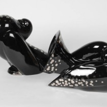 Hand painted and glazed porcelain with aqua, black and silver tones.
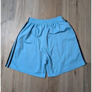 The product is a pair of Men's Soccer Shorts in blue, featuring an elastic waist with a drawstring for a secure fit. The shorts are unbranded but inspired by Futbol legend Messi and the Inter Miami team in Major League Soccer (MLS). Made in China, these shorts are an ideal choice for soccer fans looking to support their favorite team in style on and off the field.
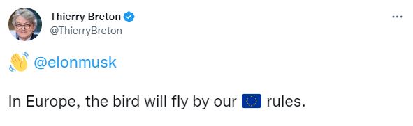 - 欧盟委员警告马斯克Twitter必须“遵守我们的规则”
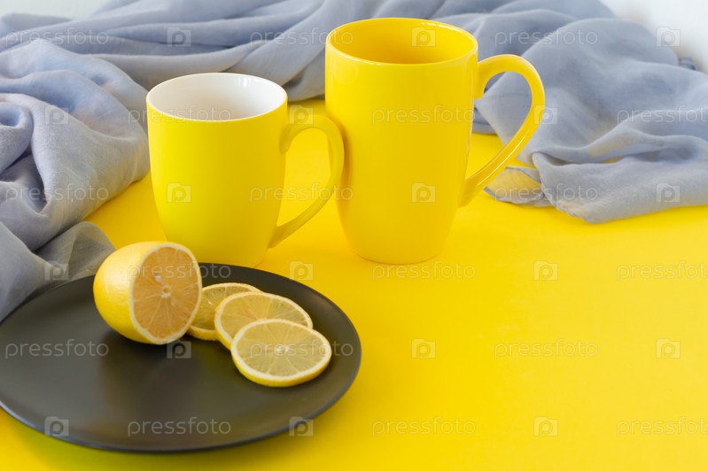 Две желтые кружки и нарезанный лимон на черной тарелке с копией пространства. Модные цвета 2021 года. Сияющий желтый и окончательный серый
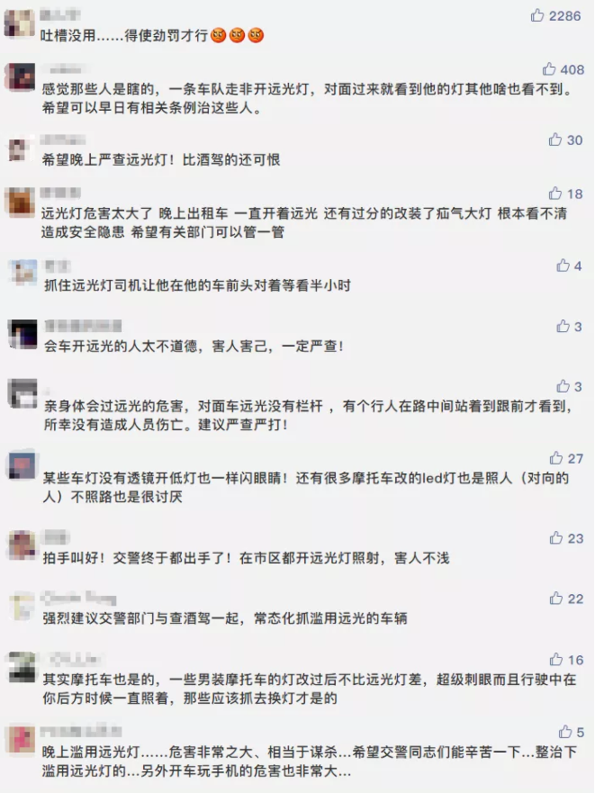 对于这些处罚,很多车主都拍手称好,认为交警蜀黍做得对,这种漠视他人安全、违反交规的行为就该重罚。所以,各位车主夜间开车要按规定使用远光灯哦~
----
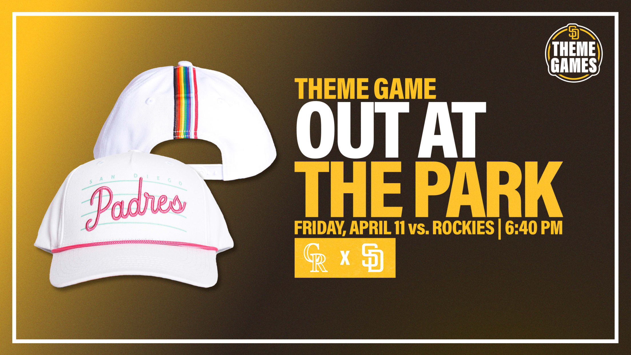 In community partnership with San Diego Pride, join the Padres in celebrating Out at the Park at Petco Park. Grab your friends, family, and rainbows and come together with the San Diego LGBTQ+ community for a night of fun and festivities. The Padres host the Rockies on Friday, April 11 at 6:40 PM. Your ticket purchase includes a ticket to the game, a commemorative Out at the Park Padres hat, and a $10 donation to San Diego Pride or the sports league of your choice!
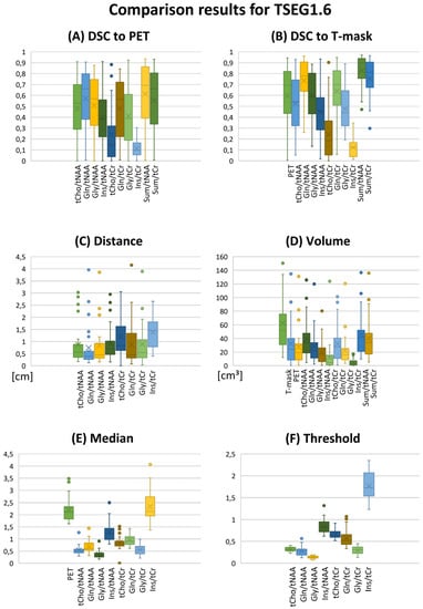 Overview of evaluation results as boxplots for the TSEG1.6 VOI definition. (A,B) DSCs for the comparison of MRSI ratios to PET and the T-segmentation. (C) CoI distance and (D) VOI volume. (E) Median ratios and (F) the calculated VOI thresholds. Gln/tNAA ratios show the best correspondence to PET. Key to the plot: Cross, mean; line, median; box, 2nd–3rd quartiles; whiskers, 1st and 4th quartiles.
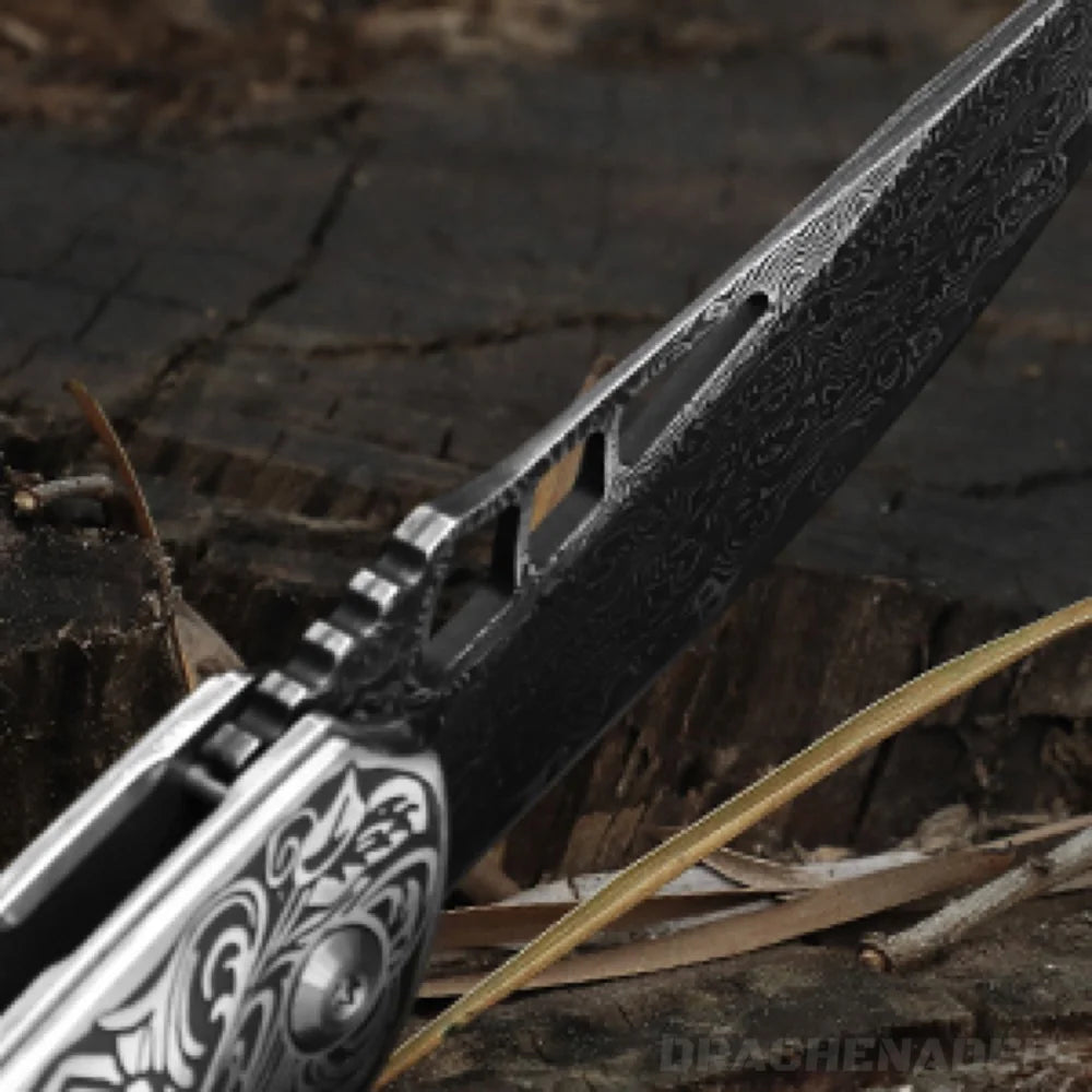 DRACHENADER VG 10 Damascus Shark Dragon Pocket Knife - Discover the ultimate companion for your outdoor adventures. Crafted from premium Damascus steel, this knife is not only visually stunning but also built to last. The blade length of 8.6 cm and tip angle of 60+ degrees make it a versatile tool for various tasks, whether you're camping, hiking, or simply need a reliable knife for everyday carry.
----
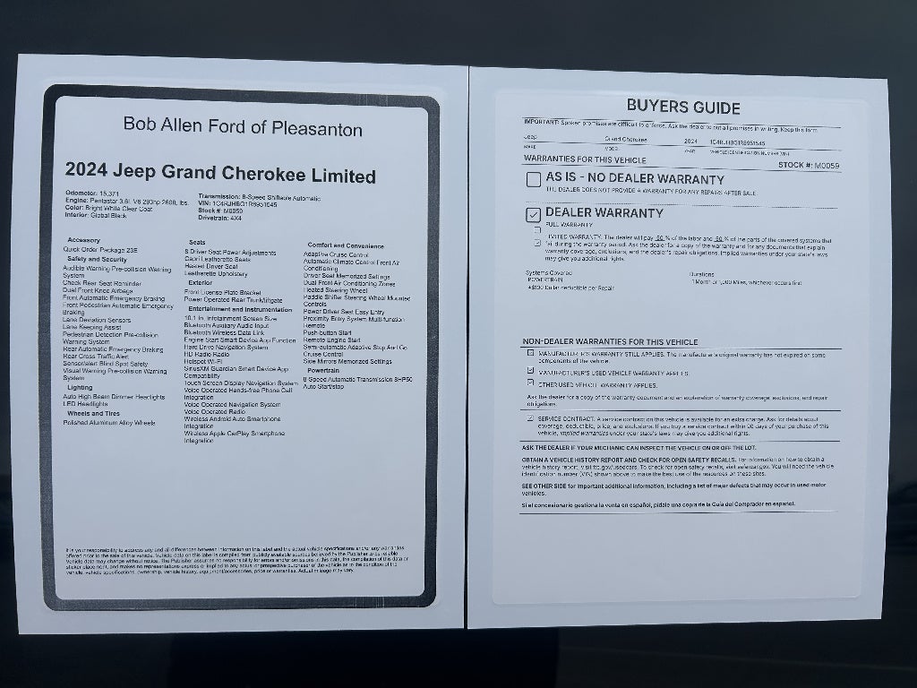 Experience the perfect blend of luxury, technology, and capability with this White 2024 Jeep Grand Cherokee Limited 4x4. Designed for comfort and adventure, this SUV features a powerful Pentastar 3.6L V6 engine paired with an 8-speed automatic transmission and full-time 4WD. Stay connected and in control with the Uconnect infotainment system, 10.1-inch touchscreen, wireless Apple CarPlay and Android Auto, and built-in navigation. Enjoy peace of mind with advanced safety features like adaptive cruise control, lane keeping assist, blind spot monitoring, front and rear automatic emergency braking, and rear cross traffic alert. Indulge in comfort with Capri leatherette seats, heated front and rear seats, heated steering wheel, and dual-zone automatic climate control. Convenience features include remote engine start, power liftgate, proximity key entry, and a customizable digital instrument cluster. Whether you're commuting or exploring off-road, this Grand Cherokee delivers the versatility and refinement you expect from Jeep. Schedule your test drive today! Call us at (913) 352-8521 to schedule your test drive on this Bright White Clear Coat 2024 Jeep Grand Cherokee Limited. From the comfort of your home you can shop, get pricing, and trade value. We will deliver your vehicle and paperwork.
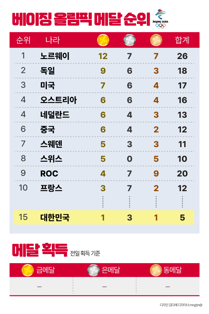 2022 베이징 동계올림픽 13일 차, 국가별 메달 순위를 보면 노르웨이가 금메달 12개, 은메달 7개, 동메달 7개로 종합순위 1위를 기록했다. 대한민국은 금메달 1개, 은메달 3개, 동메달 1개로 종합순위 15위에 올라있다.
----
[What needs to be done] Reproduce the lines above starting at the one with "Hand painted and" and ending at the one with "对于这些处罚,很多车主都拍手", both included, exactly and with no pictures.

[Exercise answer]
 Hand painted and glazed porcelain with aqua, black and silver tones.
 The product is a pair of Men's Soccer Shorts in blue, featuring an elastic waist with a drawstring for a secure fit. The shorts are unbranded but inspired by Futbol legend Messi and the Inter Miami team in Major League Soccer (MLS). Made in China, these shorts are an ideal choice for soccer fans looking to support their favorite team in style on and off the field.
 - 欧盟委员警告马斯克Twitter必须“遵守我们的规则”
 Две желтые кружки и нарезанный лимон на черной тарелке с копией пространства. Модные цвета 2021 года. Сияющий желтый и окончательный серый
 对于这些处罚,很多车主都拍手称好,认为交警蜀黍做得对,这种漠视他人安全、违反交规的行为就该重罚。所以,各位车主夜间开车要按规定使用远光灯哦~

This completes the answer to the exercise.